INVESTORS with higher-risk appetite should seriously consider investing in global properties through real estate investment trusts (REITs) as this has proven to offer better returns than other asset classes over a long-term period.
Citibank vice-president (wealth management products) Charles Sik said with the liberalisation of foreign exchange administration rules, coupled with de-pegging of the ringgit, such investments also provided investors the opportunity to diversify their risks and investment portfolios.
“The performance of REITs, via the indices of National Association of Real Estate Investment Trusts (NAREIT) of North America and European Public Real Estate Association (EPRA), has shown that investments in global properties for a period of three, five and 10 years ended August 2005, had outperformed other asset classes in Malaysia such as equities and balanced assets on an absolute and risk-adjusted return,” Sik said during an interview in Kuala Lumpur.
“For example, for a period of 10 years, investments in global properties and REITs registered absolute returns of 187% (in ringgit terms) compared with Malaysian bonds (69%) and equities (28%).
“If we stripped out the effects of currency (RM versus US$) from the Asian financial crisis, global property and REIT indices still provided a decent 135% return over 10 years (in US$ terms).”
The findings over a 10-year period also show that global REITs are a higher-risk asset class compared with Malaysian bonds and other balanced portfolio assets, but slightly less riskier than equities.
He added that although tainted with higher risk, global REITs registered the highest returns among all the three comparative asset classes during the period.
Apart from this, global REITs also provide stable income returns and capital gains in the long run.

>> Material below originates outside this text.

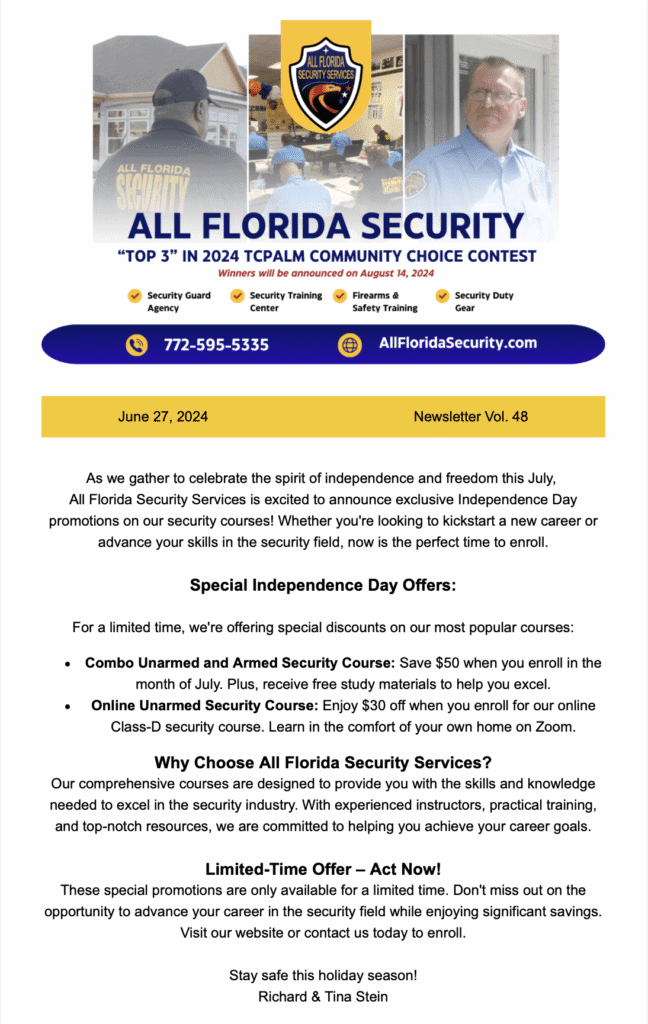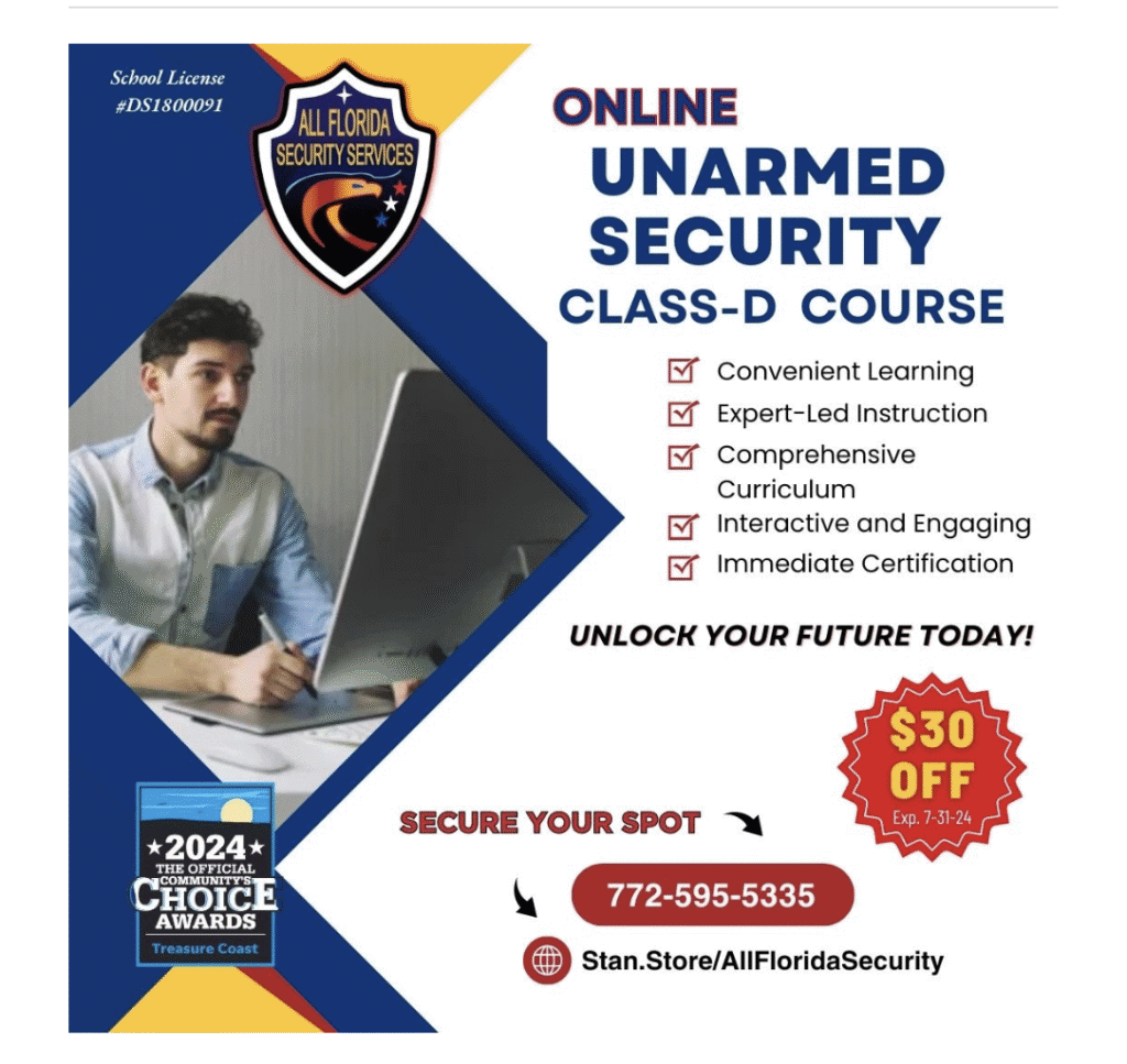 All Florida Security Services, is the WINNER of “The BEST Security Company on the Treasure Coast” for the Community Choice Award by USA Today and TC Palm, TWO YEARS IN A ROW 2023 & 2024!

“From 1995 to 2004, studies showed that this type of asset class turned in total average returns of 13.5% in markets like North America, Asia and Europe combined,” he said.
Investing in global properties, he noted, would also safeguard one’s wealth against inflation. Performance of the REIT indices (EPRA and NAREIT from Jan 1, 1995 to Aug 31, 2005) showed that average returns from global REIT investments easily outperformed Malaysia’s inflation rate.
For example, average returns from global REITs of 13.5% easily outstripped the average Malaysia’s inflation rate of 2.4% per annum between 1995 and 2004.
Furthermore, global REITs have low correlation with other classes of Malaysian assets and, hence, further improve investors’ diversification portfolio.